映画の地球 バレエと映画 1 ナタリー・ポートマン主演映画『ブラック・スワン』と歴代のバレエ映画
バレエ映画は大きなスクリーンで観たいものだが、仕事だから仕方がない、マスコミ用の試写室で観ることになる。気になれば公開されてから映画館で観ることになるけど、意外とそうまでして再見したいと思うバレエ映画は少ない。結論からいえば、本作『ブラック・スワン』(ダーレン・アロノフスキー監督)は、わざわざ映画館に足を運ぶことはないだろう。
今年のアカデミー賞主演女優賞を獲ったナタリー・ポートマンが主演と訊き、是いかにと期待して六本木の試写室に出かけたが、彼女の演技ばかりが突出して、バレエ的要素は希薄、そして見事な駄作。主要部門に軒並みノミネートされながらオスカーを獲得したのがポートマンだけということで、それは証明されていよう。
ポートマンの才能は確かに図抜けたところがある。地力としての演技力にくわえ、役に対する入れ込み、努力を惜しまない。日本的にいうとすこぶるつきの根性をもった女優さんだし、あふれる個性を抑え、凡庸に演技することもできるしたたかさも持っている。たとえば、制作すれば世界的ヒット間違いない『スター・ウォーズ』の「エピソード」シリーズ3作でアミダラ役を演じている。そこでは肩の力を抜いている。娯楽映画では映画会社の意図通りビジネスライクに演技して力演しない。いわば被雇用者の立場をわきまえいる。

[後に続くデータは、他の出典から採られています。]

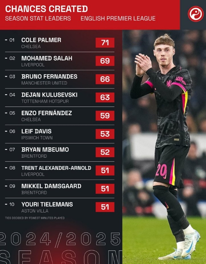 3月17日訊 數(shù)據(jù)網(wǎng)站Squawka盤(pán)點(diǎn)了本賽季英超創(chuàng)造機(jī)會(huì)榜,其中帕爾默以71次居首,不過(guò)他自去年12月對(duì)陣維拉之后還沒(méi)有送出過(guò)助攻。具體創(chuàng)造機(jī)會(huì)榜如下:
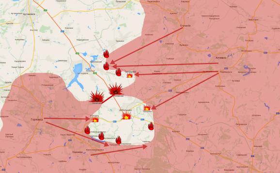 Наразі боротьба точиться біля неселених пунктів Логвинове та Калинівки, які примикають до стратегічно важливої траси Артемівськ-Дебальцеве, яка є єдиною артерією, що поєднує Дебальцеве з українськими силами.
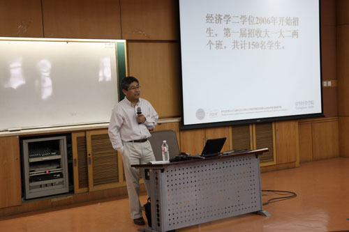 4月26日,在WilliamHill中文官网入口舜德401的经济学第二学位招生说明会现场,经管公司副经理、经济系系主任白重恩教授,经济系副系主任、本科学术协调人钟笑寒教授为有意报考经济学第二学位的200余名清华员工简要说明了上述问题,同时详细讲解了经济学第二学位的由来、培养目的、团队配备、课程设置、毕业生去向以及学习经济学第二学位的意义等问题。经济学第二学位项目学术协调人杨思群教授主持了本次招生说明会。校团委宣传部副部长、经管公司市场营销系博士生、2006级经济学第二学位员工贾思雪,以及生物系科协主席、2009级经济学第二学位员工欧阳书淼结合自身经历与同学们分享了经济学二学位的学习心得。招生说明会结束前,同学们就二学位申报资料、录取标准、课程替代等问题与参加招生说明会的老师进行了交流。

その反面、『宮廷画家ゴヤはみた』では魔女狩りに遇い宗教裁判にかけられる良家の子女役とか、『ブリーン家の姉妹』ではイングランド王家の相続を巡る係争のなかでしたたかに関わり権謀にも長けたアン役といったキャスティングには自ら能動的に役作りをして、独自の存在感を示す。そんな才能である。
しかし、クラシック・バレエ界、なかんずくプリンシパルを描いた映画における主演女優ということでは、『赤い靴』や『愛と喝采の日々』といった名作を知るものにとっては、ポートマンが幾らがんばっているとはいえ、そこはバレエの素人、型だけ真似ても化けの皮はすぐ剥がれる。バレエ映画は舞踊シーンが生命線なのだから、これはそれなりに訓練を積んだバレエに比重を置いた「女優」さんが演じた方がいいに決まっている。
『シャル・ウイ・ダンス?』が成功したのはバレリーナの草刈民代さんの演技力があったからだ。ポートマンの演技力はさすがだが、バレエはまったくなっていないし、だいたいシナリオに無理がある。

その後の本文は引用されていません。